But this autumn the river where Jeremy Paxman is fond of casting a line has been discoloured by pollution, angering members of the exclusive fishing club that enjoys rights to fish there and threatening the livelihood of local businesses that rely on famous visitors' passing trade.

The Test is home to the Houghton club, founded in 1822, where a quarter of members are lords and knights. Among those who have taken their rods to this exclusive stretch of water – the 11 miles of banks are valued at £600 a foot – are Jimmy Carter, George Bush Snr and Prince Charles, as well as other highly recognisable anglers such as Eric Clapton, Vinnie Jones, Ian Botham and Marco Pierre White.

The wader-wearing gentry are gesticulating upstream at a sewage treatment works, and have hired consultants to take samples of the water to try to prove their case. And they are now embroiled in a legal battle against the Environment Agency for not handing over all its files on the matter.

With things turning ugly, the Information Commissioner's Office has now intervened and ruled that civil servants must open their files and help the celebrity anglers get to the bottom of their whiffy problem.

The Commissioner noted that the river "is known as one of the primary chalk streams in England.

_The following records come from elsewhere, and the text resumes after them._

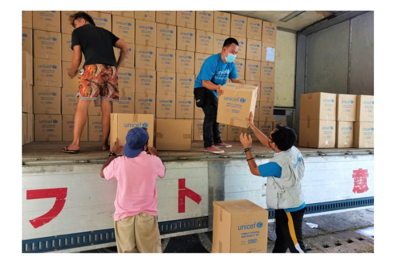 UNICEF staff and logistics support personnel load hygiene and dignity kits and other WASH supplies onto a truck from the UNICEF warehouse in Mindanao. This is the first shipment of emergency supplies to be sent to areas affected by Typhoon Odette/Rai, to support the Government's emergency response.
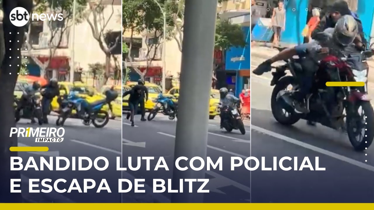 Durante uma blitz no Rio de Janeiro, dois suspeitos reagiram à abordagem policial e conseguiram fugir. Um deles lutou com o agente e subiu na garupa de uma moto conduzida pelo comparsa. A dupla acelerou e escapou, enquanto o policial tentou persegui-los sem sucesso. O vídeo da fuga circula nas redes sociais. A PM informou que reforçou o policiamento na região e trabalha para identificar os envolvidos.
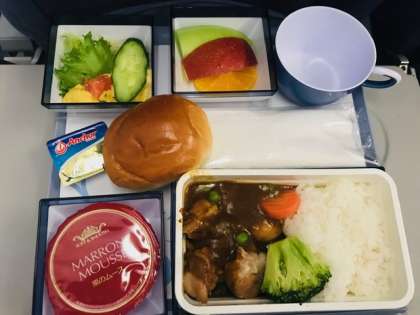 出発式を終えたメンバーは、記念写真に納まり、飛行機に乗り込みました。機内では、機内食が提供されます。
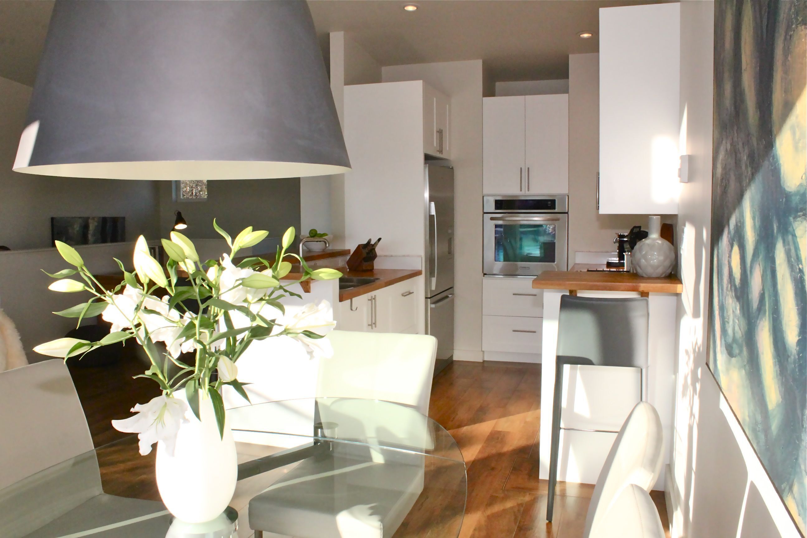 You’ll find exquisite views of the marina, Burrard inlet and downtown skyline from this beautifully appointed, modern float home. Watch wildlife from the heated deck, hop out the front door for a run/bike along the waterfront Spirit Trail, or head downtown on the Seabus for great dining and entertainment.
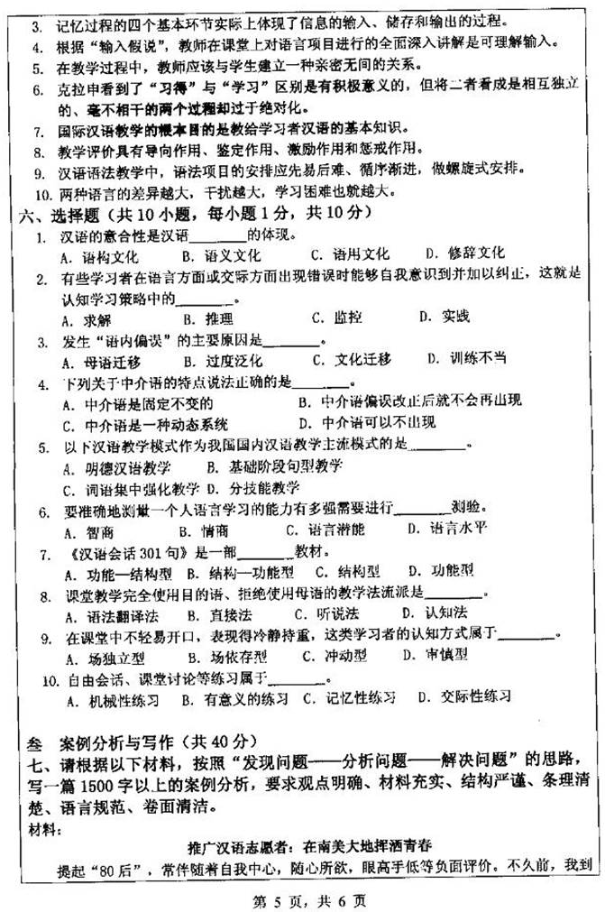2. 全国名校汉语国际教育硕士《445汉语国际教育基础》考研真题精选
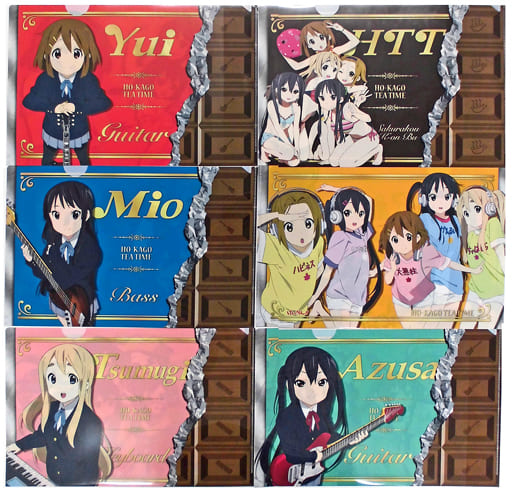 絵柄6種:「軽音部5人」、「平沢唯」、「秋山澪」、 「田井中律」、「琴吹紬」、「中野梓」
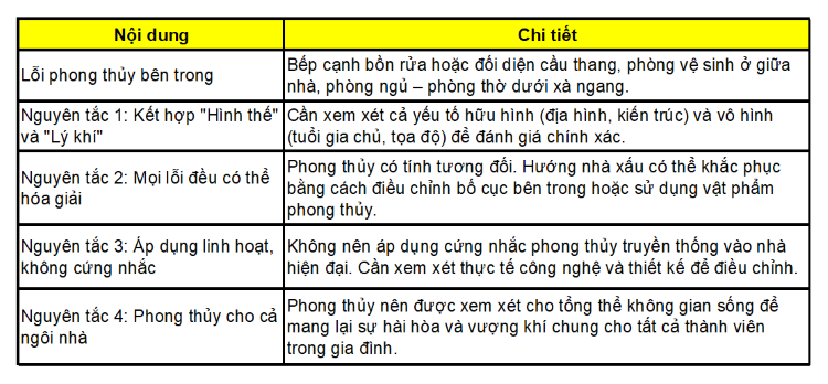 Phong thủy truyền thống được hình thành từ kinh nghiệm sống của cha ông ta trong những điều kiện xã hội và công nghệ xưa. Vì vậy, không phải mọi nguyên tắc xưa đều phải áp dụng cứng nhắc cho nhà hiện đại. Bản chất của phong thủy là linh hoạt, cần được điều chỉnh và thích nghi với sự phát triển của môi trường sống.
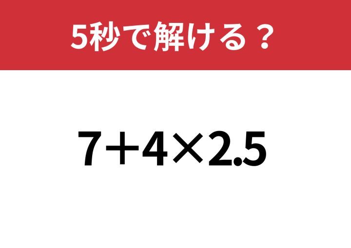 多くの人がミスする?「7+4×2.5」5秒で解ける?
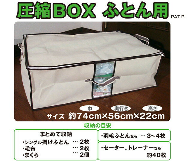 圧縮BOX ふとん用 (1セット) 日本製 品質保証書付 布団圧縮 布団圧縮ボックス ボックス 圧縮袋 ふとん圧縮袋 押入れ収納 ふとん収納 布団収納袋 収納袋 布団 ふとん 収納【送料無料】
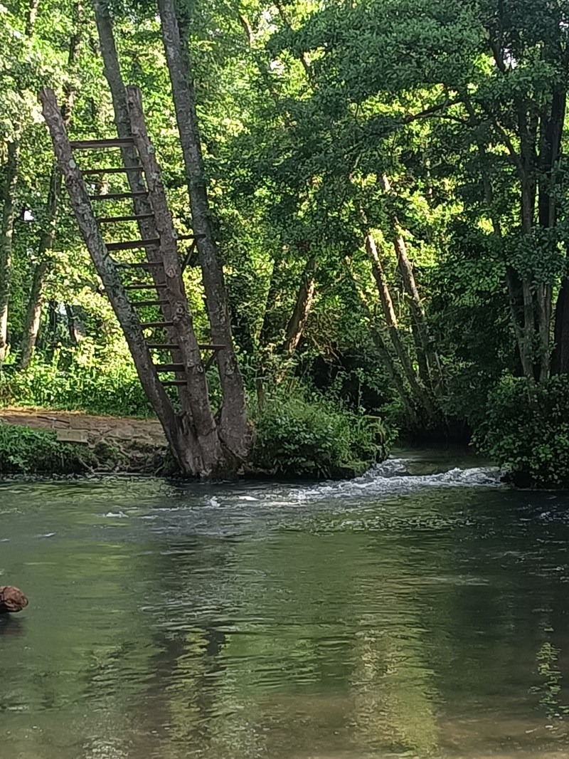 Curieux équipement, vu la profondeur de l’eau, il ne peut s’agir d’un plongeoir, on ne distingue pas sur la photo, mais il y a une corde accrochée au sommet avec une poignée en bas, qui pourrait servir à se balancer façon Tarzan…
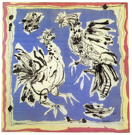 | Francoise Gilot, Quatre Oiseaux (1947)-Although Picasso never directly designed a scarf for the Aschers, this one was submitted by is companion at the time. Hummm…………. |
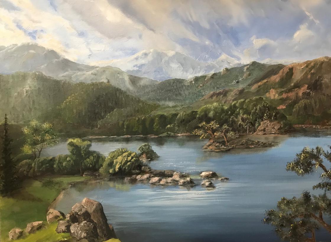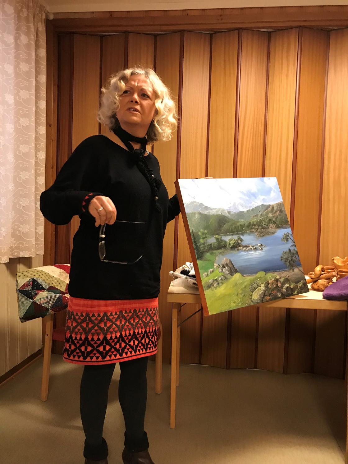 Jorunn Hogstad viste frem en flott rosemalt trebolle. Fint å se håndarbeide i annet materiale enn tekstil. Hun viste også frem en kjole hun hadde strikket til barnebarnet, det er en egen glede med å gi bort klær som ikke kan kjøpes i butikk, men med hver maske strikket med kjærlighet. Hun hadde også strikket tykke deilige sokker i mariusmønster. Tilslutt viste hun frem en stor grønn duk sydd i hardangersøm som hun hadde sydd da hun var ung. Det hørte med til historien at hun hadde fått klippet feil i mønsteret, men det var blitt stoppet. Nå hadde duken ligget i skuffen i mange år, men nå ville Jorunn finne anledninger til å få den frem. Duken fortjener å bli brukt og vist, da hvert enkelt sting forteller om mange timers arbeid.
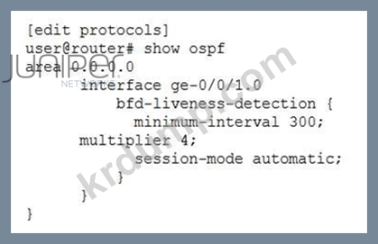 전시회를 참조하면 인터페이스 ge-0/0/1.0이 다운된 것으로 간주되기까지 몇 밀리초가 경과해야 합니까?
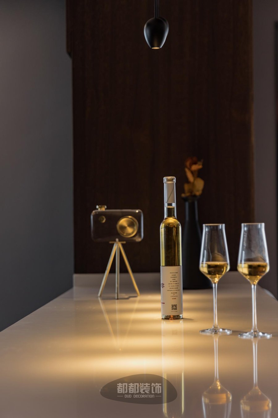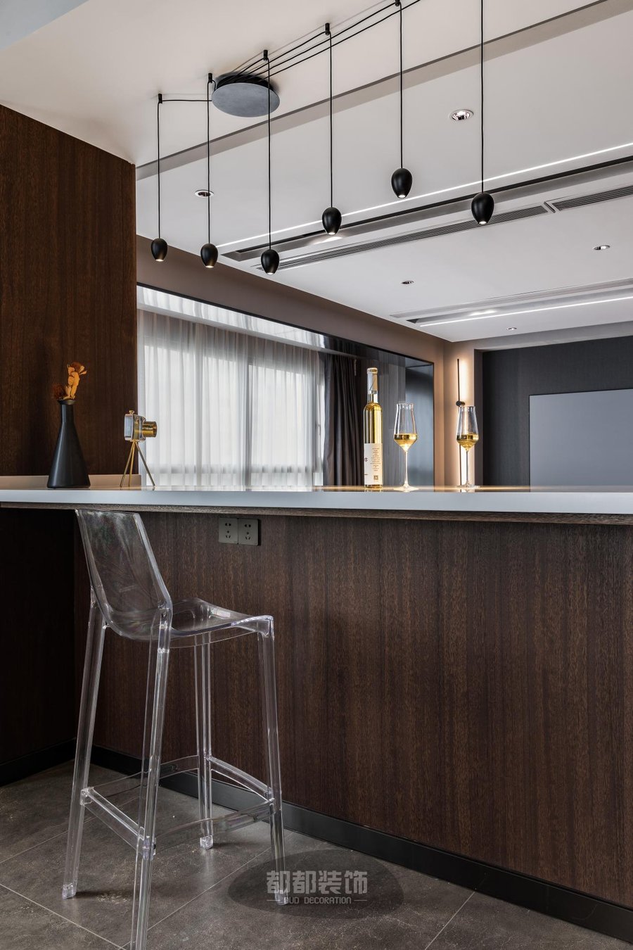 设计初期时,全屋木饰面的方案不太符合谢女士期望,整体温润的木色多少会让人觉得少了份层次感,后来通过多次的调整,采用部分木饰面分割,将空间进行了合理的分隔,加入岩板、钢艺等元素进行调和,形成更为舒适、通彻的视觉,最后的效果还是不错的!

It is noted by some as the birthplace of modern fly fishing and has been mentioned in literature for its fine fishing."

The chairman of the local Test and Itchen Association, whose members include those of the Houghton club, the Duke of Northumberland and Mr Paxman, is Sir Chips Keswick, a director of the Bank of England and the former chairman of De Beers diamonds. He said: "The middle and lower Test remained coloured... It becomes more and more obvious that we must be prepared to do more ourselves to provide the protection which the rivers require."

Shaun Leonard, director of the Wild Trout Trust, said the problem was recurring and needed to be tackled urgently to make sure that the spot didn't lose its prestige. "The Test has massive historical significance as one of the homes of traditional fly fishing methods," he said. "It's retained that cache through to today.

"There are some very, very famous fishing clubs there – the Houghton Club, Mottisfont Fishing Club. They have attracted the higher-profile members, and it's become a self-perpetuating thing." Most of the trout are farmed, although there are small wild populations.

The initial victory over the Environment Agency has not prompted wild celebrations. Robert Pryor QC, president of the Houghton Club, said: "Naturally we are pleased and we hope to get the information we requested. We have nothing more to say."

The Test river is also noted for an incident in 1998 when the television presenter Chris Tarrant broke his arm falling out of a tree while trying to get a better view of the teeming waters.